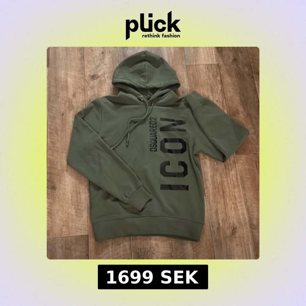Snygg grön hoodie från DSQUARED2 med stor svart 'ICON'-print på framsidan och snörning vid huvan. Tröjan har lång ärm och lite slimmad passform, perfekt för dig som gillar grisch still eller annat och vill sticka ut med en fet logga. ‼️OBS köptes för 5000‼️
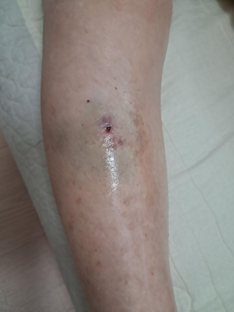 어머니께서 5일전에 다리를 부딪혀서 피부가 벗겨지고 조금 파여서 박테로신연고를 계속 발라드렸습니다
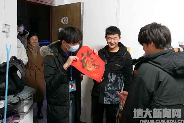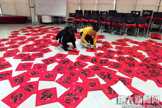 地大新闻网讯(通讯员陈文婷 王心怡 摄影白鹤飞 沈晨)“同学们新年快乐!我们给大家送‘福’来了,祝大家学业有成,福虎生威!”2021年12月31日晚,我校校院两级学生会、研究生会成员纷纷走进两校区学生宿舍、实验室、教学楼和图书馆,为同学们送上了学校书画协会连夜赶制的7000幅“福”字书法作品。
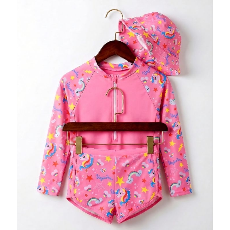 Maiô Infantil Poliamida com Proteção UV – Manga Longa e Chapéu | 2 a 9 Anos | Estampa Palmeiras
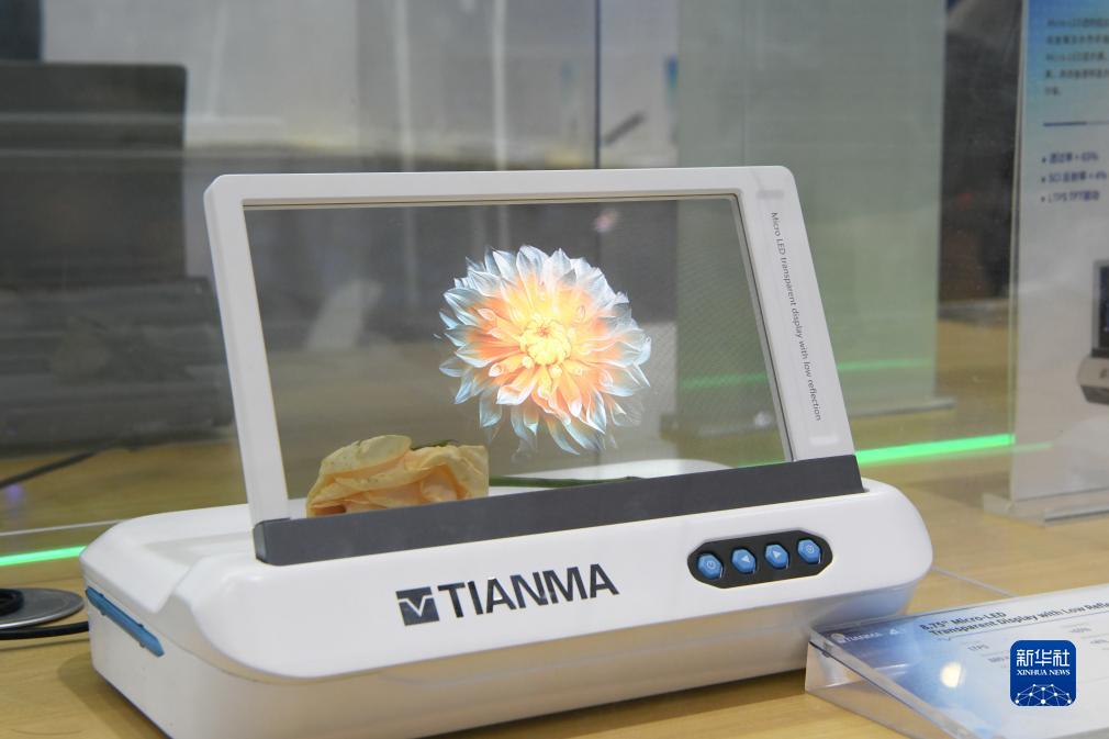 這是9月7日在“2023世界顯示產(chǎn)業(yè)大會(huì )新型顯示創(chuàng )新成果展”現場(chǎng)拍攝的8.75"Micro-LED透明低反顯示。
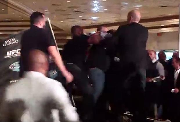 Kormije je prvi započeo sukob, pošto je aktuelnog šampiona u poluteškoj kategoriji uhvatio za vrat i odgurnuo ga, a onda mu je Džons uzvratio. Pred njima je sve padalo, a onda se uključilo obezbeđenje i sprečilo veći sukob.
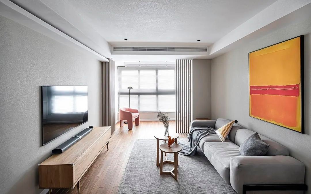 硬装线条回归简约,无主灯设计+局部吊顶,让层高更为开阔。 考虑到屋主***宝还小,在客厅玩耍时间较多,茶几选择可轻易搬移的。
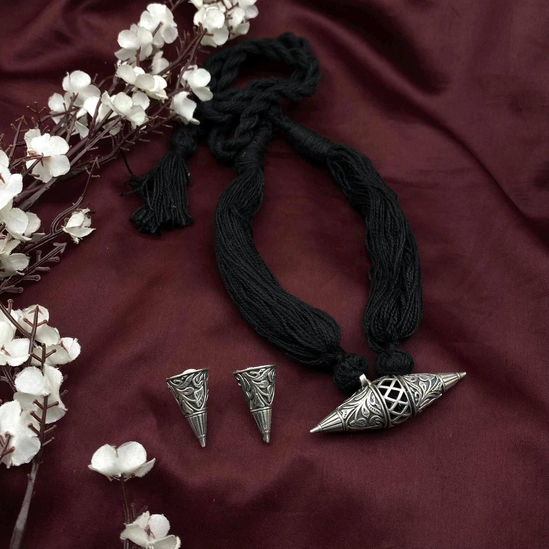 Tribal Cone Pendant Necklace Set with Earrings – Black Thread Oxidized Silver Jewelry by Quirky Fashions
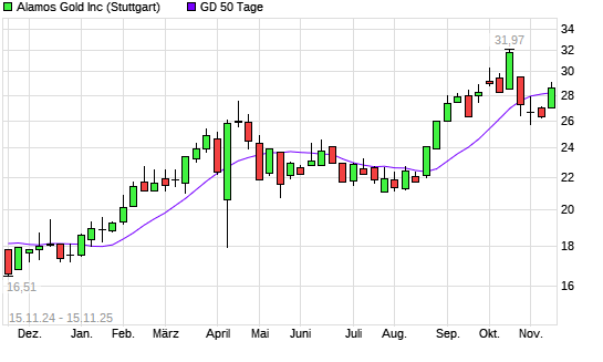 Mit dem Rücksetzer auf 28,14 EUR hat die Alamos Gold-Aktie am 14.11.2025 die 50-Tage-Linie nach unten gekreuzt.
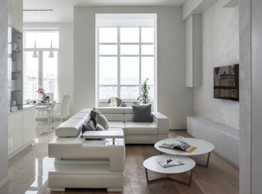 На протяжении многих лет остается популярным белый цвет, делающий обстановку более светлой и оживленной. Белая гостиная способна также зрительно увеличивать помещение.
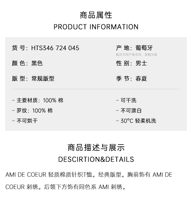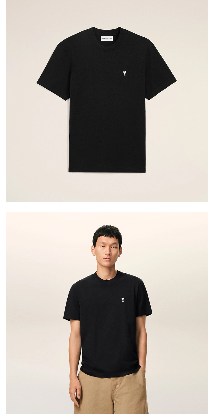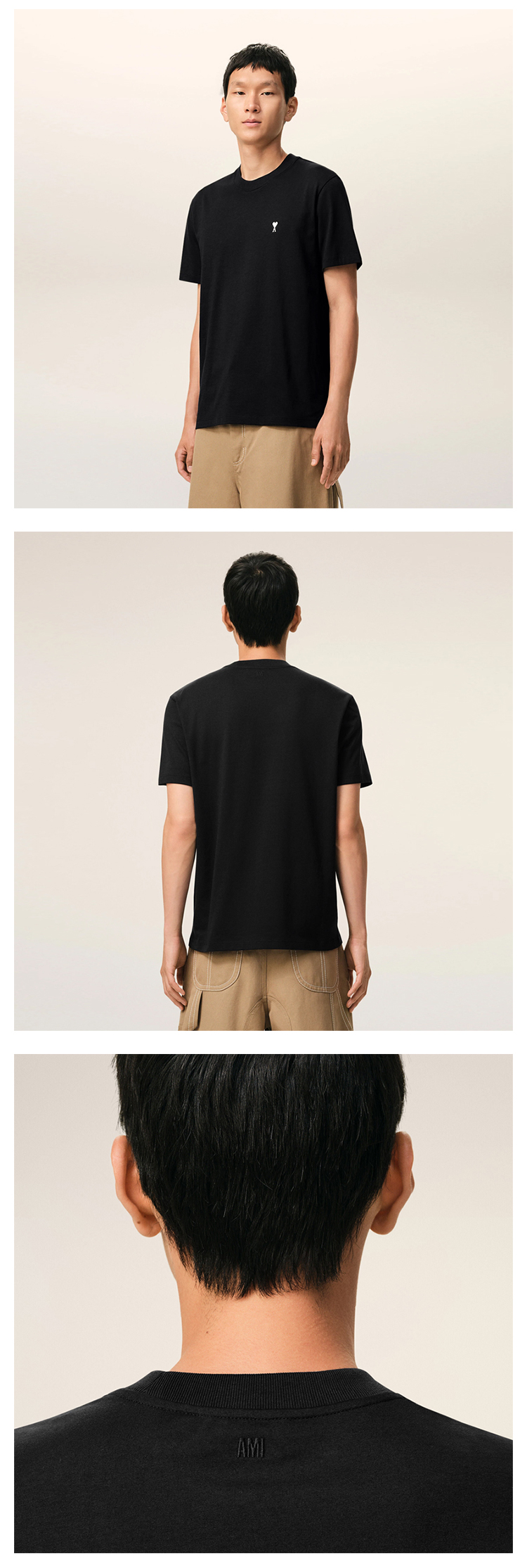 AMI PARIS 男士心形徽标刺绣棉质圆领短袖T恤 黑色 HTS346 724 045
··········
## PROBLEM REQUIREMENTS
Take the line containing "어머니께서 5일전에 다리를" through the last line of the material and retype exactly those lines, both ends included, with no pictures.

## TASK SOLUTION
 어머니께서 5일전에 다리를 부딪혀서 피부가 벗겨지고 조금 파여서 박테로신연고를 계속 발라드렸습니다
 地大新闻网讯(通讯员陈文婷 王心怡 摄影白鹤飞 沈晨)“同学们新年快乐!我们给大家送‘福’来了,祝大家学业有成,福虎生威!”2021年12月31日晚,我校校院两级学生会、研究生会成员纷纷走进两校区学生宿舍、实验室、教学楼和图书馆,为同学们送上了学校书画协会连夜赶制的7000幅“福”字书法作品。
 Maiô Infantil Poliamida com Proteção UV – Manga Longa e Chapéu | 2 a 9 Anos | Estampa Palmeiras
 這是9月7日在“2023世界顯示產(chǎn)業(yè)大會(huì )新型顯示創(chuàng )新成果展”現場(chǎng)拍攝的8.75"Micro-LED透明低反顯示。
 Kormije je prvi započeo sukob, pošto je aktuelnog šampiona u poluteškoj kategoriji uhvatio za vrat i odgurnuo ga, a onda mu je Džons uzvratio. Pred njima je sve padalo, a onda se uključilo obezbeđenje i sprečilo veći sukob.
 硬装线条回归简约,无主灯设计+局部吊顶,让层高更为开阔。 考虑到屋主***宝还小,在客厅玩耍时间较多,茶几选择可轻易搬移的。
 Tribal Cone Pendant Necklace Set with Earrings – Black Thread Oxidized Silver Jewelry by Quirky Fashions
 Mit dem Rücksetzer auf 28,14 EUR hat die Alamos Gold-Aktie am 14.11.2025 die 50-Tage-Linie nach unten gekreuzt.
 На протяжении многих лет остается популярным белый цвет, делающий обстановку более светлой и оживленной. Белая гостиная способна также зрительно увеличивать помещение.
 AMI PARIS 男士心形徽标刺绣棉质圆领短袖T恤 黑色 HTS346 724 045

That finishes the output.